Based on the way they were thinking back then, this whole case shouldn’t even exist in the first place. The important issue of the case was if it was possible for a slave to be considered a citizen because he lived in a free state. If he was still considered a slave, slavery could exist in the north, where they didn’t accept slavery, as long as the slave was born and bought in the south, where they were encouraging and still practicing slavery. In the Constitution it says that every citizen has the right to sue in court so another reason why this was such a big decision was that the Supreme Court had to decide if Congress had the power to decide if a black man was a citizen.

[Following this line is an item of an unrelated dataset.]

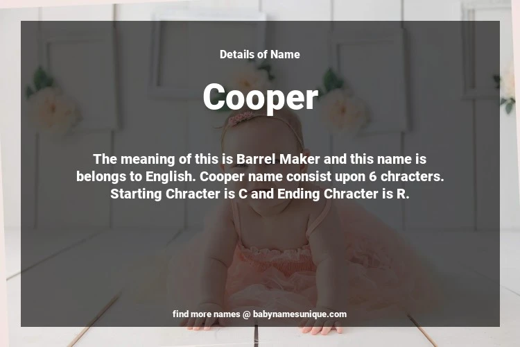 The name Cooper is chosen by those who are willing to find Unique Transgenders Baby Names. The meaning of this is Barrel Maker and this name is belongs to English Origin. Baby Name Cooper consist upon 6 chracters. Starting alphabet is C and ending alphabet is R. This name is used primarily by parents who are considering unique baby names for Transgenders. The Zodiac Sign suitbale for this name are;

Did Congress have the power to prohibit slavery? No. Can a slave be considered a citizen and as such become entitled to all the rights, privileges and immunities granted to citizens under the United States Constitution? No, and Dred did not become free by going into a state, which prohibited slavery. Therefore the Supreme court decided that Sandford was not guilty and that Scott, as a slave, had no right to sue his owner since ‘it’ was his property. The court ended up having a vote 7-2 against Dred Scott implying that he was not a U.S. citizen. The decision the Supreme Court made was a violation of the Missouri Compromise, but their reasoning was that they said that it was unconstitutional. That caused anger in the North, which eventually led to the Civil War. This is the the reason why this case is also called the Case which started the Civil War.